One-liner (infra + companion only)

pnpm install; pnpm run dev:infra; pnpm run dev:companion

Full Stack (in parallel via Turbo)

pnpm install
pnpm run dev:infra
pnpm run dev:full

Individual Services

pnpm run dev:infra        # Postgres + pgvector
pnpm run dev:api-gateway  # Go API (localhost:8080)
pnpm run dev:embedder     # FastAPI embedder (localhost:9000)
pnpm run dev:companion    # Desktop overlay + settings

Database Schema Apply

psql -h localhost -U postgres -d taura -f packages/schema/pg.sql

Python Setup

curl -LsSf https://astral.sh/uv/install.sh | sh   # Install uv once per machine
cd services/embedder
UV_EXTRA_INDEX_URL="https://download.pytorch.org/whl/cpu" \
  uv sync --python "$(uv python find --max 3.12 --min 3.10)"
source .venv/bin/activate  # On Windows PowerShell use: .venv/Scripts/Activate.ps1
uv run uvicorn app.main:app --reload --port 9000

The extra index URL surfaces CPU-only PyTorch wheels. Remove the variable if you have CUDA drivers locally.

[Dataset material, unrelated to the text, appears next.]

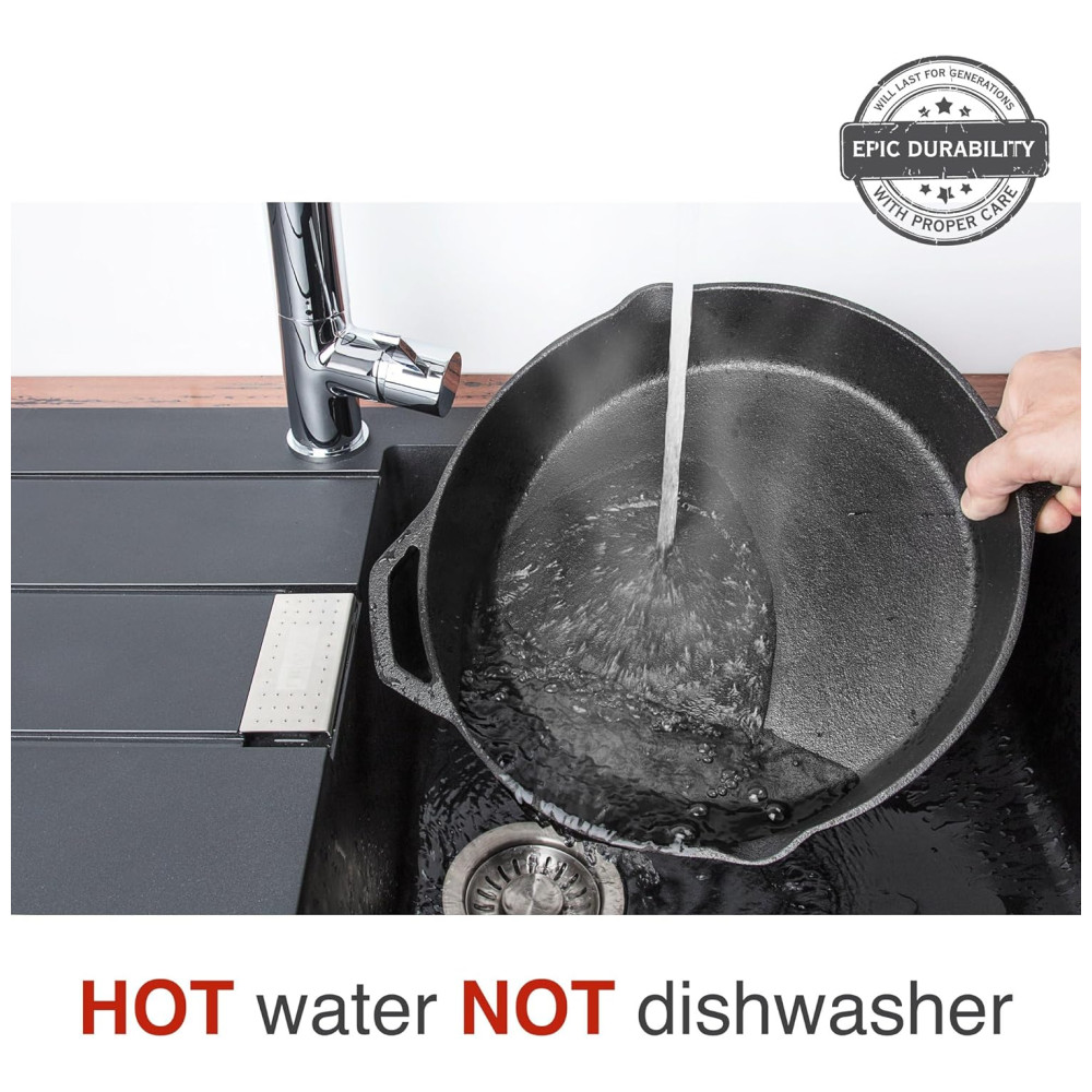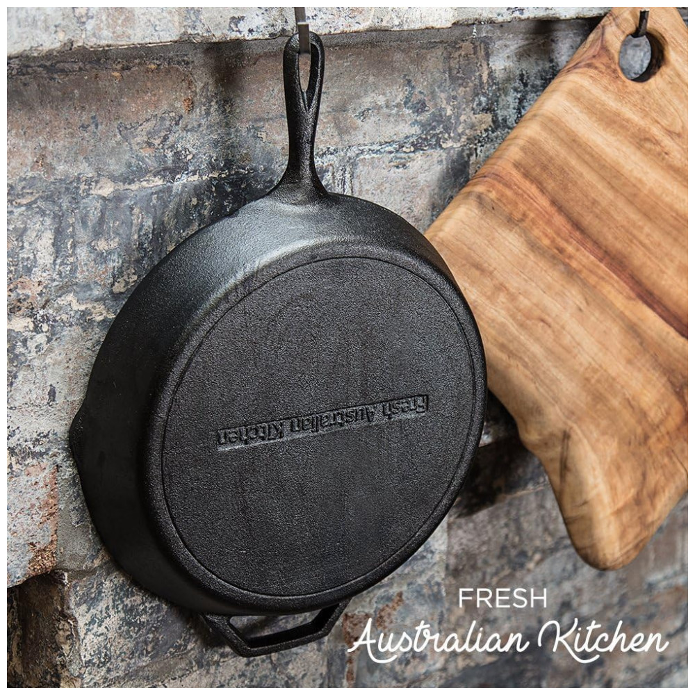 RESISTENTE E DURÁVEL Com cuidado, sua frigideira deve durar por gerações. As panelas de ferro preto australianas frescas vêm pré temperadas, mas se começarem a mostrar sinais de amor demais, tempere as novamente instruções incluídas e elas ficarão como novas. Uma frigideira temperada, é uma frigideira renascida

Deployment (current state)

  • API Gateway (Go Fiber): deployed on a dedicated VM behind HTTPS. Probes for pgvector IVFFlat are configurable via SEARCH_IVFFLAT_PROBES (capped at lists=100).
  • Embedding microservice (Python FastAPI): deployed on Runpod A40 GPU pod. Uses SigLIP So400M (1152-dim) with multi-crop and panorama tiling.
  • Postgres + pgvector: managed on the VM or a hosted Postgres instance, with media_vecs dimension 1152 and IVFFlat index lists=100.

🔐 Privacy Modes (Design)

  • Strict-Local: Only metadata + (optionally) text embeddings leave device; images embedded locally (future).
  • Hybrid (default for MVP): Images/PDF pages sent (or presigned) to server for embedding; only vectors + thumbs stored.

🔎 Retrieval Flow

  1. User types a query - API Gateway calls the Embedder to embed text (1152-dim).
  2. Gateway runs pgvector ANN (IVFFlat, cosine, probes configurable) with filters (modality, time range, geo, album) and selects a candidate pool.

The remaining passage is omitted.